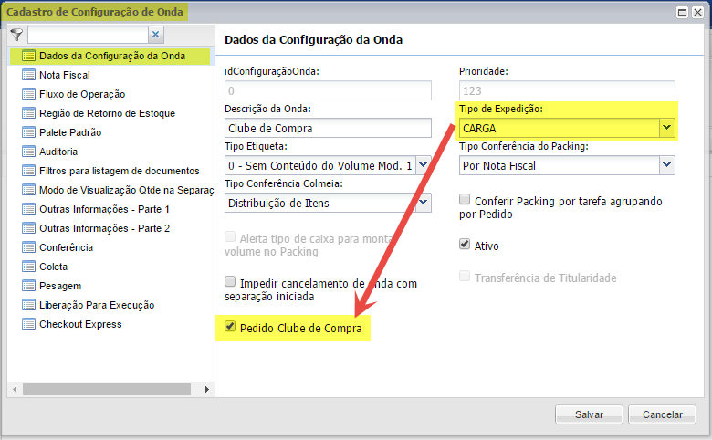 - A Configuração da Onda ser do Tipo de Expedição: Carga.
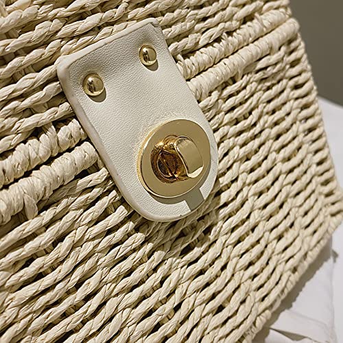 Retro strostijl, met houten handvat aan de bovenkant en leren schouderriem, eenvoudig en vrije tijd, elegant en modieus, het beste geschikt voor toerisme, winkelen en zee. Het stromateriaal houdt je koel en comfortabel als je het in een warme zomer draagt. Deze unieke handgeweven tas van stro is een uniek cadeau, dat door ambachtslieden handgemaakt wordt en ook het beste cadeau voor familie en vrienden is.
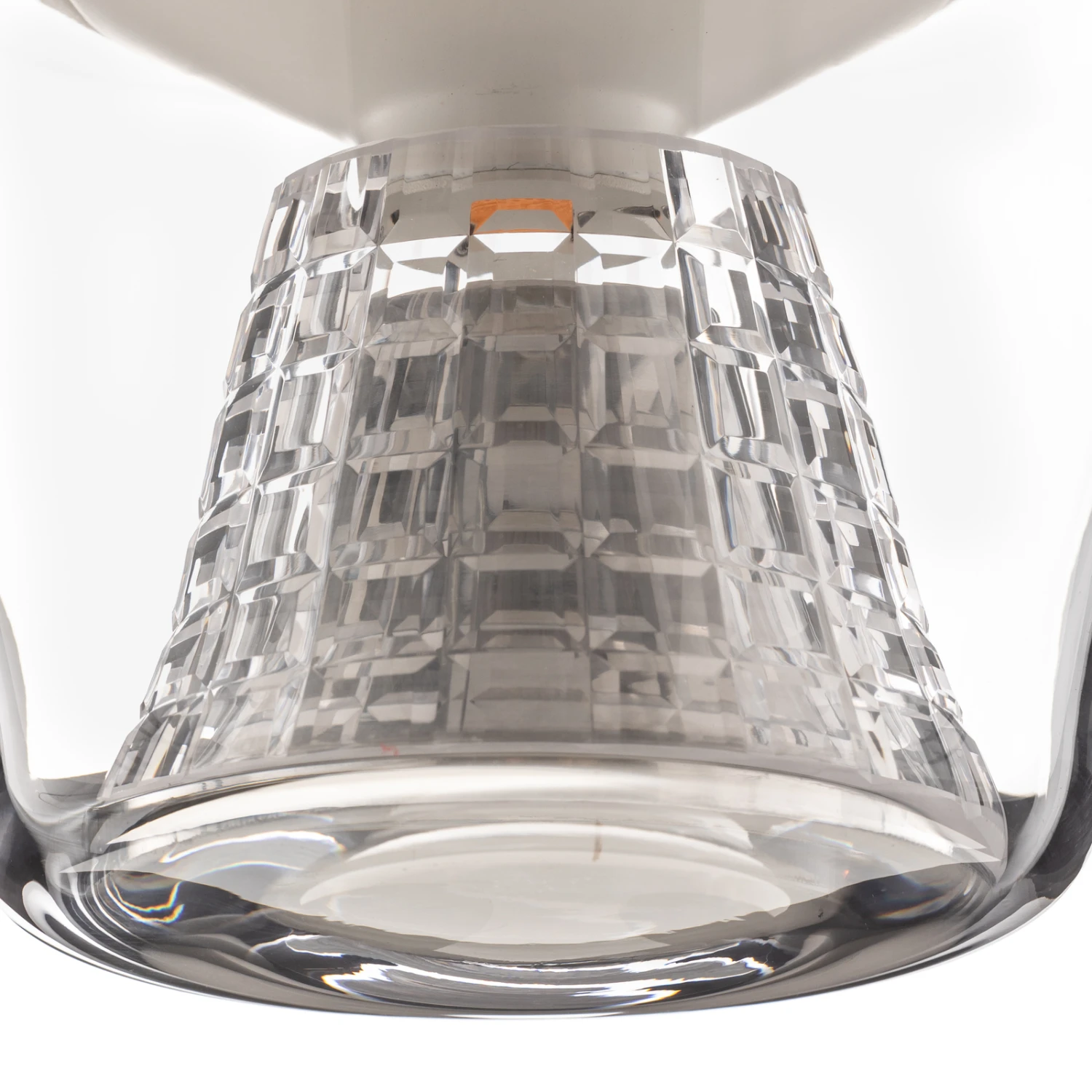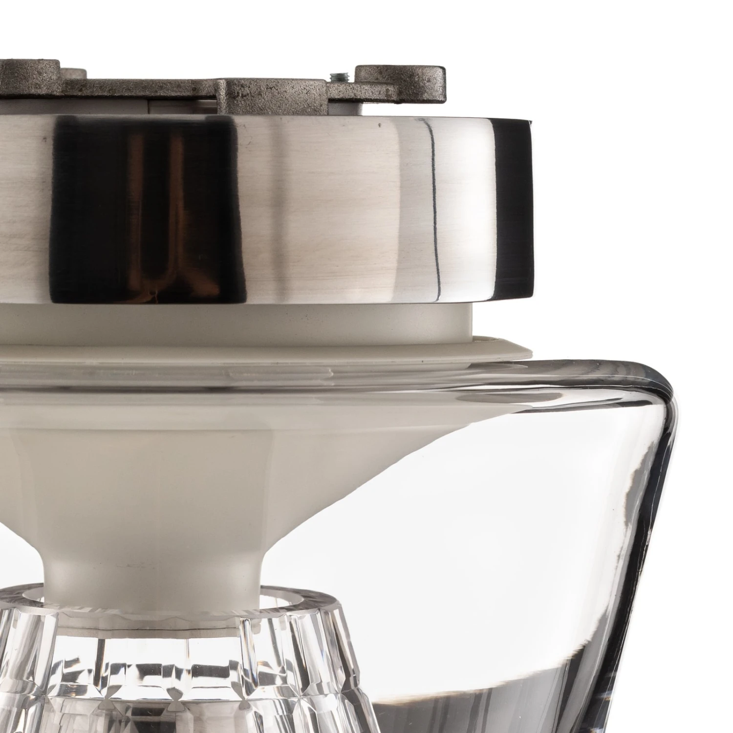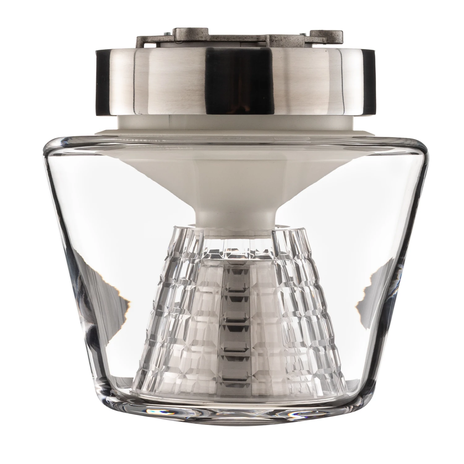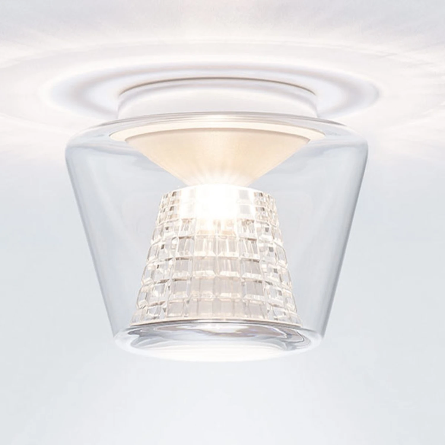 Konische Formen spielen bei Annex eine ganz große Rolle. Ausgehend von einem kegelförmigen, lichtdurchlässigen Silikonformteil wird das Licht der LEDs gleichmäßig in Richtung des Reflektors abgestrahlt, der bei dieser Variante von Annex aus facettiertem Kristallglas besteht, das wie geschaffen dafür ist, beeindruckende Lichteffekte im Raum zu erzeugen. Sowohl der Kristallglasreflektor wie auch die äußere Hülle aus mundgeblasenem, klarem Glas sind konisch geformt.
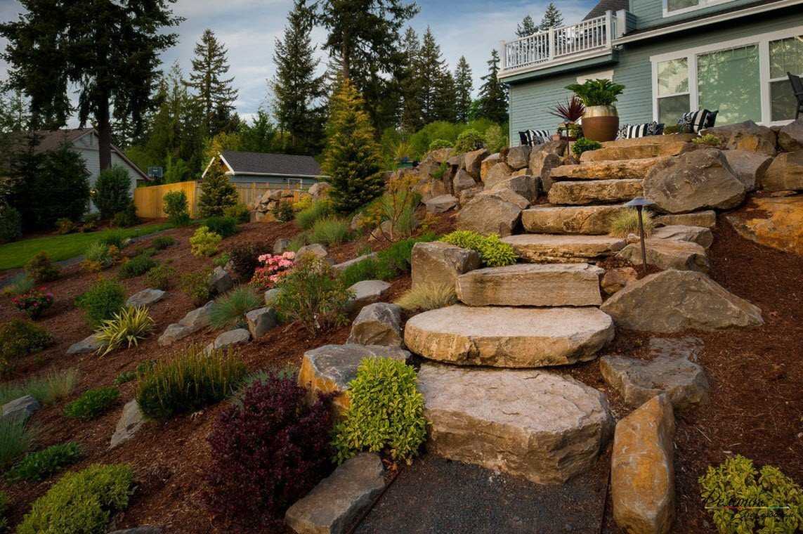 Камни – это отличный вариант для оформления альпийской горки, рокария и других оригинальных арт-объектов. С их помощью можно выложить ступеньки к пруду или разнообразные мощеные дорожки.

····················

### [ACTIVITY]
Copy all the material above exactly, but skip each image.

### [FINAL ANSWER]
 - A Configuração da Onda ser do Tipo de Expedição: Carga.
 Retro strostijl, met houten handvat aan de bovenkant en leren schouderriem, eenvoudig en vrije tijd, elegant en modieus, het beste geschikt voor toerisme, winkelen en zee. Het stromateriaal houdt je koel en comfortabel als je het in een warme zomer draagt. Deze unieke handgeweven tas van stro is een uniek cadeau, dat door ambachtslieden handgemaakt wordt en ook het beste cadeau voor familie en vrienden is.
 Konische Formen spielen bei Annex eine ganz große Rolle. Ausgehend von einem kegelförmigen, lichtdurchlässigen Silikonformteil wird das Licht der LEDs gleichmäßig in Richtung des Reflektors abgestrahlt, der bei dieser Variante von Annex aus facettiertem Kristallglas besteht, das wie geschaffen dafür ist, beeindruckende Lichteffekte im Raum zu erzeugen. Sowohl der Kristallglasreflektor wie auch die äußere Hülle aus mundgeblasenem, klarem Glas sind konisch geformt.
 Камни – это отличный вариант для оформления альпийской горки, рокария и других оригинальных арт-объектов. С их помощью можно выложить ступеньки к пруду или разнообразные мощеные дорожки.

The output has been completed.